Наступило молчание, старик все плакал, борясь с собою, тщетно пытаясь взять себя в руки. Наконец он превозмог дрожь, медленно отнял руки от лица, понемногу успокоился и вновь обрел выражение человека твердого в вере, смирившегося перед волей господней. Если всевышний не пожелал совершить чудо, если он так жестоко покарал их дом, значит, на то его святая воля, и кардиналу, одному из его слуг, одному из столпов царства божия на земле, остается только склонить голову.
С минуту стояла тишина. Затем кардинал, собравшись с силами, произнес своим обычным приветливым тоном:
— Вы покидаете нас, вы завтра уезжаете, любезный сын мой?
— Да, завтра я буду иметь честь проститься с вашим высокопреосвященством; еще раз благодарю вас за бесконечную доброту ко мне.
— Итак, вы уже знаете, что конгрегация Индекса осудила вашу книгу, и понимаете, что это было неизбежно?
— Да, мне была оказана высшая милость — я был принят его святейшеством и, подчинившись его воле, отрекся от своего труда.
Во влажных глазах кардинала снова сверкнул огонь.

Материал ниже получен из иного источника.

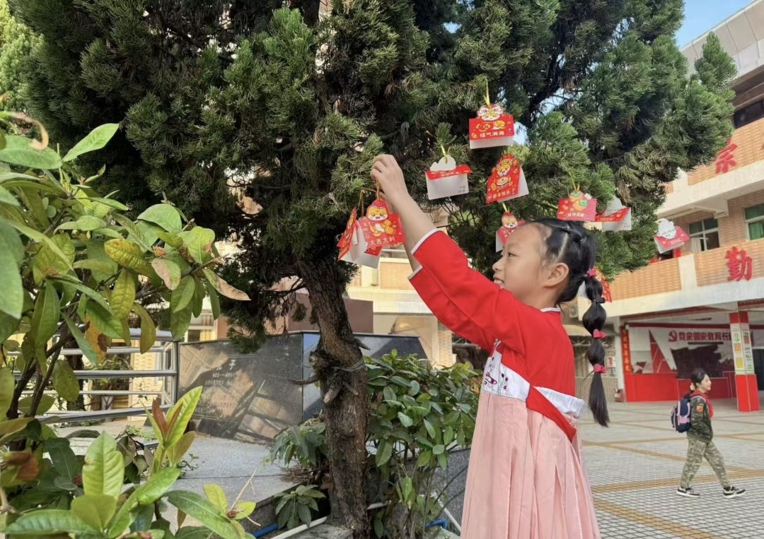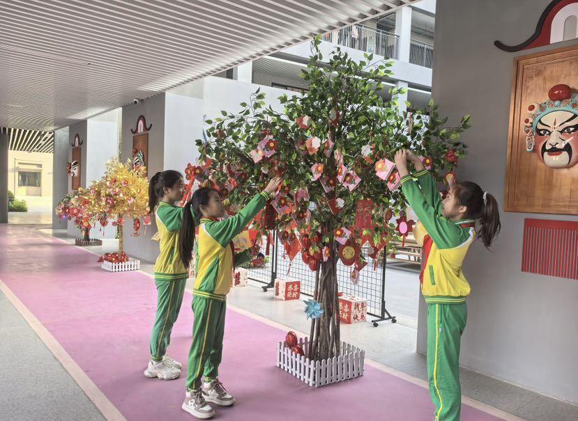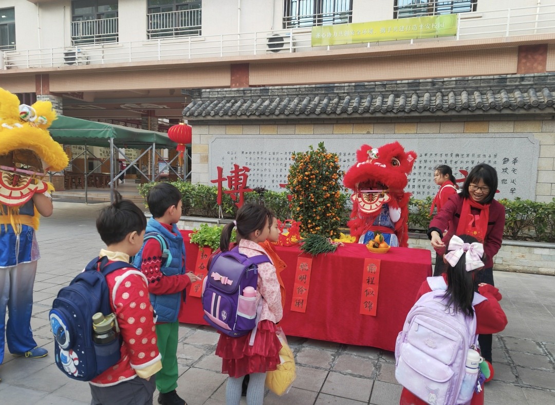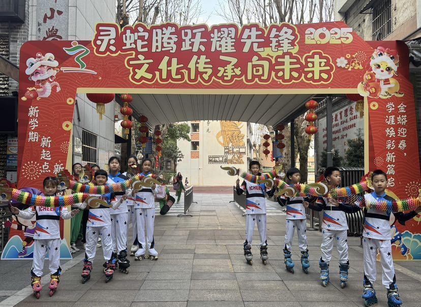 在市桥先锋小学,同学们踏入校门便收到学校精心准备的特制开学祝福红包。红包里有承载“步步争先”校训的精美卡片,激励学子勇攀高峰;有寓意吉祥的蛇年祝福书签,寄托美好祝愿;还有趣味盎然的蛇年灯谜卡,增添开学乐趣,激发大家的智慧与好奇心。学校轮滑队员手持寓意吉祥的灵蛇,将新年祝福与好运传递给每一位学子。

— А, вы это сделали! Вы правильно поступили, сын мой! Таков был ваш прямой долг священника, но в наши дни лишь немногие выполняют свой долг!.. Как член конгрегации, я сдержал данное вам слово: я прочел вашу книгу и внимательно изучил страницы, вызвавшие осуждение. И если я остался затем в стороне, если сделал вид, будто меня это дело не интересует, и даже не пошел на заседание, где обсуждали книгу, то только ради бедной моей дорогой племянницы, которая любила вас и не раз защищала передо мной.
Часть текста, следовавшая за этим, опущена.